Objectors on ethical grounds to the use of QALYs in priority-setting in public health care systems are here categorised as (1) those who reject all collective priority-setting as unethical; (2) those who accept the need for collective priority-setting but believe that it is contrary to medical ethics; (3) those who accept the need for collective priority-setting and do not believe that it is contrary to medical ethics, but reject the role of QALYs in it on other ethical grounds; and (4) those who accept the need for collective priority-setting in principle, but are unwilling to specify how it should be done in practice. It is argued that the first two groups of objectors are simply wrong, if distributive justice is a proper ethical concern in this context. The third group is of more interest, as this group appears to believe that QALYs are unethical because it is unethical to regard QALY maximisation as the sole objective of the health care system. This paper argues that QALYs are relevant to a much wider range of objectives than QALY maximisation, and that they can accommodate a wide variety of health dimensions and sources of valuation. They can also accommodate the differential weighting of benefits according to who gets them, so they do not commit their users to any particular notion of distributive justice. What they do commit their users to is the notion that the health of people is a central concept in priority-setting, and that it is desirable, for reasons of accountability, to have the bases for such priority-setting made as precise and explicit as possible.
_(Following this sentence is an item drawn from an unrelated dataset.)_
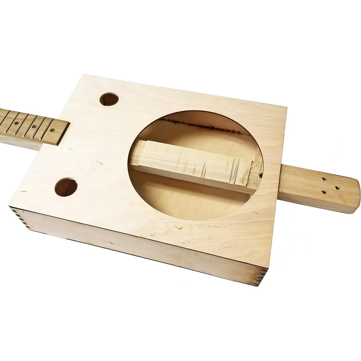 Detailed and easy-to-understand assembly instructions. Build your own 3-string acoustic paint can resonator cigar box guitar. Unfinished body and neck provide endless decoration options - create a piece of musical art. Full fret neck with zero fret, standard guitar scale (25 inches) Only basic tools required for assembly. Perfect for use with children.

The fourth group of objectors needs to acknowledge that there is no perfect system on offer, and since priority-setting does and will proceed willy-nilly we cannot wait until there is. It would be more constructive to set up the desiderata that a priority-setting system should ideally fulfil, and then appraise all feasible alternatives (including the status quo) even-handedly by those criteria. None will be perfect, but this author predicts that QALYs would emerge from such an appraisal with a significant role to play.

Suggested Citation

  • Williams, Alan, 1996. "QALYs and ethics: A health economist's perspective," Social Science & Medicine, Elsevier, vol. 43(12), pages 1795-1804, December.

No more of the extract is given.